Fans of western movies/shows and the Lone Ranger on here may be interested in the future release of a film from 1981."The Legend Of The Lone Ranger" has finally been given a street date of 08/26/08 according to the following links.

http://www.amazon.com/Legend-Lone-Ranger-Klinton-Spilsbury/dp/B001ARDC16/ref=sr_1_7?ie=UTF8&s=dvd&qid=1212947093&sr=1-7

http://videoeta.com/movie/33809

I had wondered for the longest time why this movie was never released on DVD here in the states,but was available overseas.


----------



## paulman182 (Aug 4, 2006)

I thought fans of the Lone Ranger hated this movie?

I think I saw it in 1981 but at that time I didn't know what the Lone Ranger was supposed to be like, so I just thought it was a ho-hum western.


----------



## Richard King (Mar 25, 2002)

I haven't seen the movie, but I can't imagine anyone other than Clayton Moore playing the Lone Ranger.


----------



## Carl Spock (Sep 3, 2004)

paulman182 said:


> I thought fans of the Lone Ranger hated this movie?
> 
> I think I saw it in 1981 but at that time I didn't know what the Lone Ranger was supposed to be like, so I just thought it was a ho-hum western.

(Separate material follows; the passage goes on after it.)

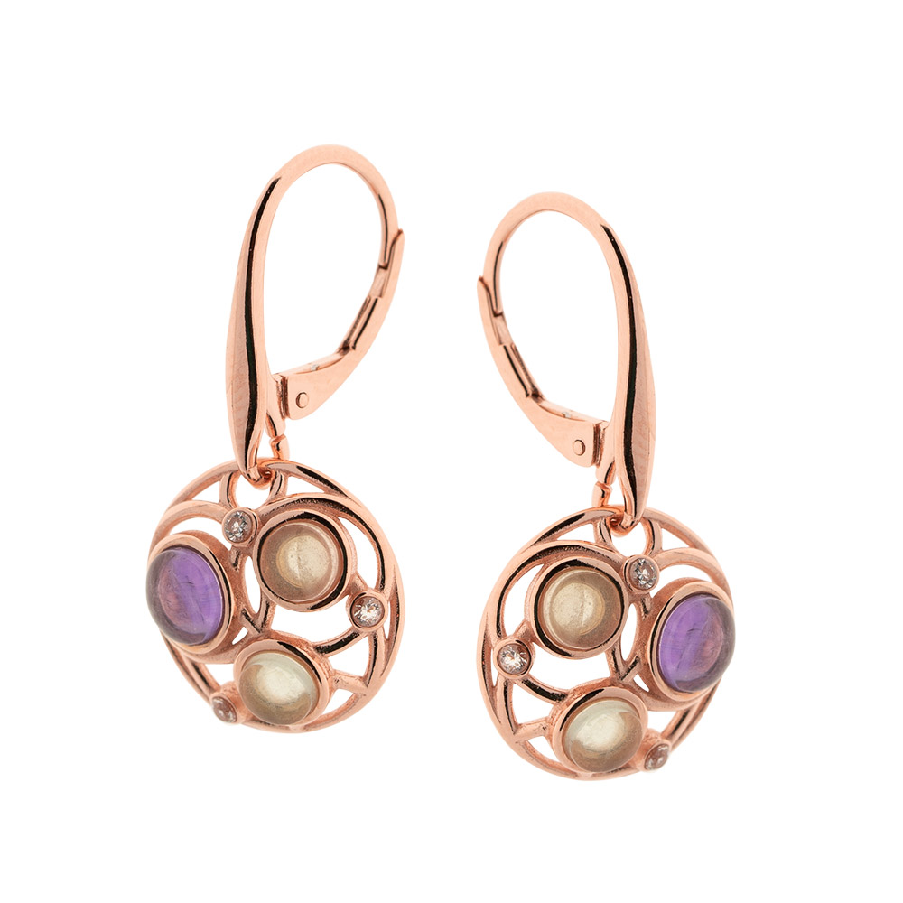 Ohrhänger rosévergoldet aus 925 Silber mit Amethyst, Quarz und Prehnit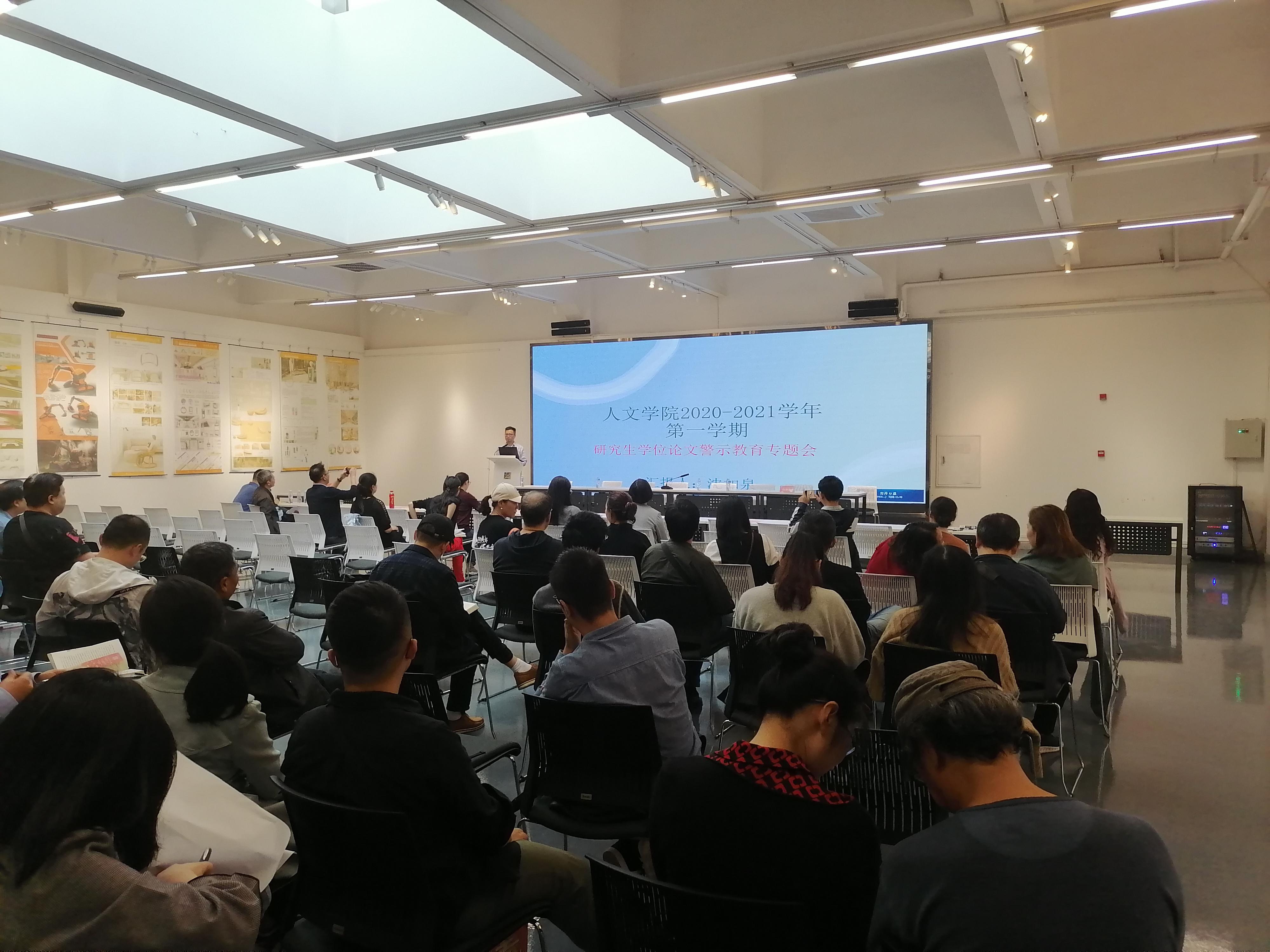 在犀浦校区8教美术馆召开研究生学位论文警示教育专题会。学院全体研究生导师及任课教师、部分学生代表参加会议。会议由沈如泉副院长主持。首先沈副院长代表学院感谢全体师生在疫情期间互相配合顺利完成教学、答辩、招生等一系列工作。随后也强调了研究生培养工作方面存在的问题:研究生培养环节、培养质量等方面存在的隐患多,研究生论文的开题、内审、外审、答辩每个环节都还存在漏洞等。沈如泉副院长组织与会人员学习传达了教育部及学校相关文件精神,宣讲了现行博士、硕士学位论文的抽检结果处理办法,并要求各系所在规定时间内认真开展研究生论文质量警示教育和自查工作。

I didn't think it was very good. Hated, no.


----------



## Stewart Vernon (Jan 7, 2005)

paulman182 said:


> I thought fans of the Lone Ranger hated this movie?
> 
> I think I saw it in 1981 but at that time I didn't know what the Lone Ranger was supposed to be like, so I just thought it was a ho-hum western.


I got that same impression too... that long-time fans of the original series were not happy with the 1980s version.

I used to watch the original when I was a kid (it was all way before my time, however)... but I have to say I actually liked the 1980s movie. Did I like it better? No... but I still liked it.


----------